GOAL OF THE EXERCISE:
The result should be the full listing copied exactly, with no pictures in it.

DATA BELOW:
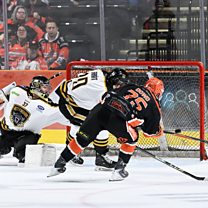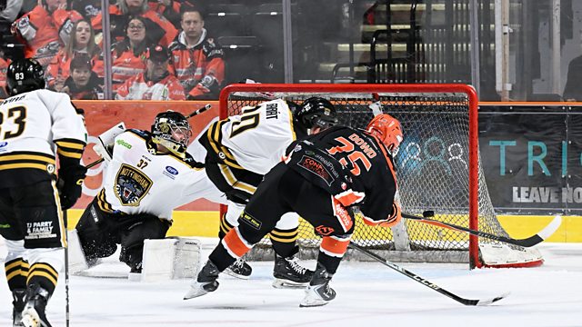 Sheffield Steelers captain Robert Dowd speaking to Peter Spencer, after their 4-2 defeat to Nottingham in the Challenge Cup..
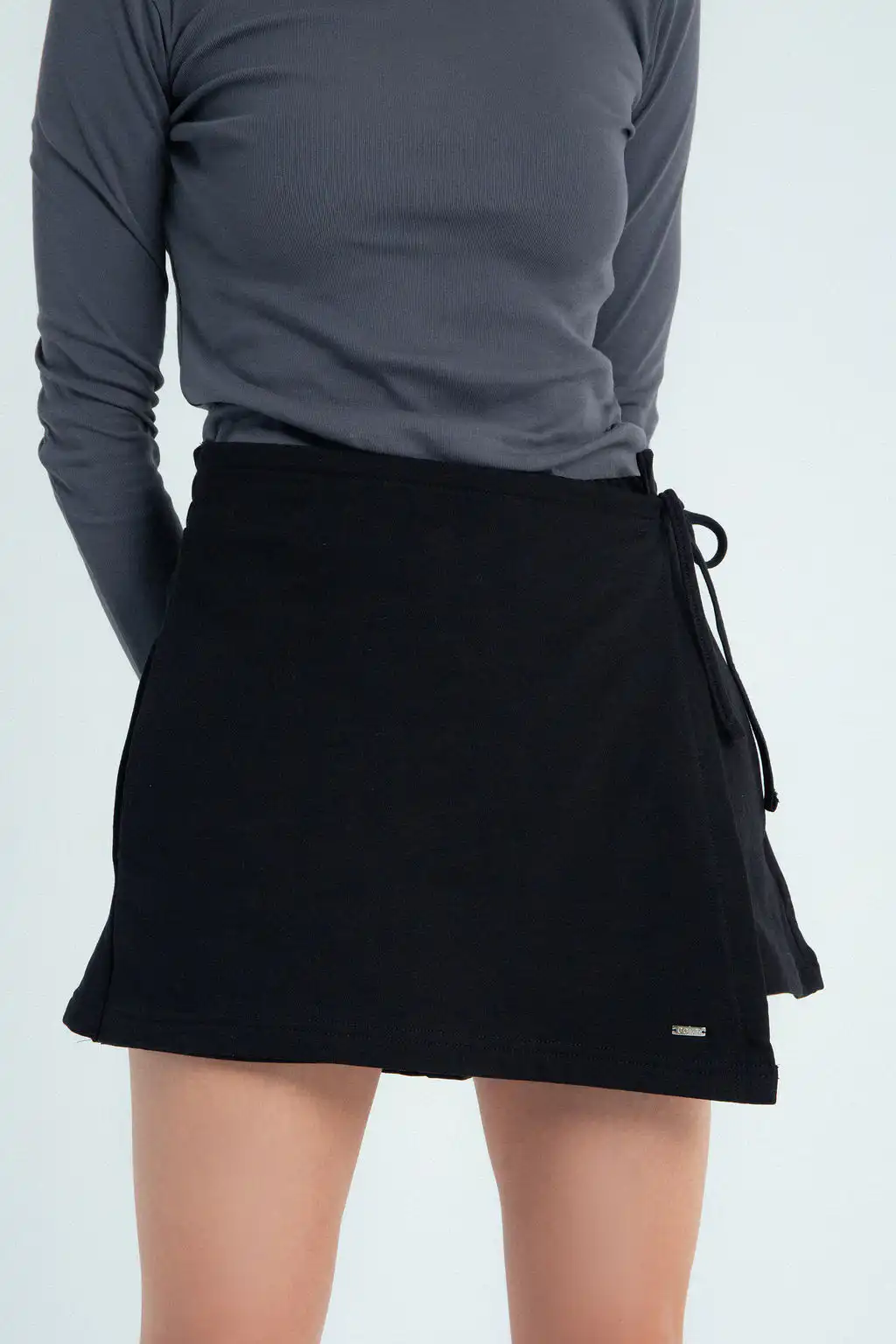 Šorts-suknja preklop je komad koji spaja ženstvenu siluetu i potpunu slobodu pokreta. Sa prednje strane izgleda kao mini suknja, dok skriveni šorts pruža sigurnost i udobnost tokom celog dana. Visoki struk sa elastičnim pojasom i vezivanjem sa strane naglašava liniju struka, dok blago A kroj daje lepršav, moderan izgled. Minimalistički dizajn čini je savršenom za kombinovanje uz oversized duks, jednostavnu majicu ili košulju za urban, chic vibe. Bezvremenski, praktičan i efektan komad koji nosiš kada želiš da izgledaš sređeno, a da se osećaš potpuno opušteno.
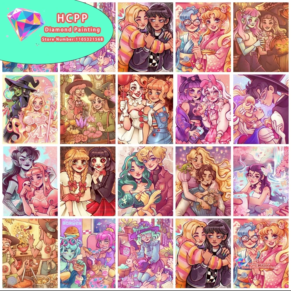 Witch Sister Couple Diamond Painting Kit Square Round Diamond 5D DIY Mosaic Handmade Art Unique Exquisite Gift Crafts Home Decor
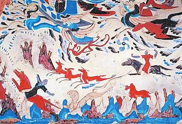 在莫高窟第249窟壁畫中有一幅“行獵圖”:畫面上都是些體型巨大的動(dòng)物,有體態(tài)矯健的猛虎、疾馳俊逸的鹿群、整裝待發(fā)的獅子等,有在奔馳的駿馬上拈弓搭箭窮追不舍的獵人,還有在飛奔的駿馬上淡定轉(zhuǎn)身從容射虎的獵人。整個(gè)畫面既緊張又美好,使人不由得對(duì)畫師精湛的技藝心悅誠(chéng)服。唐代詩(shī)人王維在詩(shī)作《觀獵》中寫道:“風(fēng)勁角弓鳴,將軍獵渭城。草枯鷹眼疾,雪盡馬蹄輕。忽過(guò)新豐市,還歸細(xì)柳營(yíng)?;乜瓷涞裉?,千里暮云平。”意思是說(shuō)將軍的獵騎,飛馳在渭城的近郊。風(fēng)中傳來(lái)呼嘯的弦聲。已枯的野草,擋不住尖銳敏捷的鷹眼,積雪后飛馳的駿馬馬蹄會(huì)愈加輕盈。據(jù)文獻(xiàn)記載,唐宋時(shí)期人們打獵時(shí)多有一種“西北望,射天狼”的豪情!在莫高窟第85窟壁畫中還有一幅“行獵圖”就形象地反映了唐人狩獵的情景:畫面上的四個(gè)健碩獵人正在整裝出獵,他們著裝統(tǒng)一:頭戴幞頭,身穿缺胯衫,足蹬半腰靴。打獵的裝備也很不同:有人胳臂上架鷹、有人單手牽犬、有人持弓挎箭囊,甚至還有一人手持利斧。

SOLUTION FOR THIS PROBLEM:
 Sheffield Steelers captain Robert Dowd speaking to Peter Spencer, after their 4-2 defeat to Nottingham in the Challenge Cup..
 Šorts-suknja preklop je komad koji spaja ženstvenu siluetu i potpunu slobodu pokreta. Sa prednje strane izgleda kao mini suknja, dok skriveni šorts pruža sigurnost i udobnost tokom celog dana. Visoki struk sa elastičnim pojasom i vezivanjem sa strane naglašava liniju struka, dok blago A kroj daje lepršav, moderan izgled. Minimalistički dizajn čini je savršenom za kombinovanje uz oversized duks, jednostavnu majicu ili košulju za urban, chic vibe. Bezvremenski, praktičan i efektan komad koji nosiš kada želiš da izgledaš sređeno, a da se osećaš potpuno opušteno.
 Witch Sister Couple Diamond Painting Kit Square Round Diamond 5D DIY Mosaic Handmade Art Unique Exquisite Gift Crafts Home Decor
 在莫高窟第249窟壁畫中有一幅“行獵圖”:畫面上都是些體型巨大的動(dòng)物,有體態(tài)矯健的猛虎、疾馳俊逸的鹿群、整裝待發(fā)的獅子等,有在奔馳的駿馬上拈弓搭箭窮追不舍的獵人,還有在飛奔的駿馬上淡定轉(zhuǎn)身從容射虎的獵人。整個(gè)畫面既緊張又美好,使人不由得對(duì)畫師精湛的技藝心悅誠(chéng)服。唐代詩(shī)人王維在詩(shī)作《觀獵》中寫道:“風(fēng)勁角弓鳴,將軍獵渭城。草枯鷹眼疾,雪盡馬蹄輕。忽過(guò)新豐市,還歸細(xì)柳營(yíng)?;乜瓷涞裉?,千里暮云平。”意思是說(shuō)將軍的獵騎,飛馳在渭城的近郊。風(fēng)中傳來(lái)呼嘯的弦聲。已枯的野草,擋不住尖銳敏捷的鷹眼,積雪后飛馳的駿馬馬蹄會(huì)愈加輕盈。據(jù)文獻(xiàn)記載,唐宋時(shí)期人們打獵時(shí)多有一種“西北望,射天狼”的豪情!在莫高窟第85窟壁畫中還有一幅“行獵圖”就形象地反映了唐人狩獵的情景:畫面上的四個(gè)健碩獵人正在整裝出獵,他們著裝統(tǒng)一:頭戴幞頭,身穿缺胯衫,足蹬半腰靴。打獵的裝備也很不同:有人胳臂上架鷹、有人單手牽犬、有人持弓挎箭囊,甚至還有一人手持利斧。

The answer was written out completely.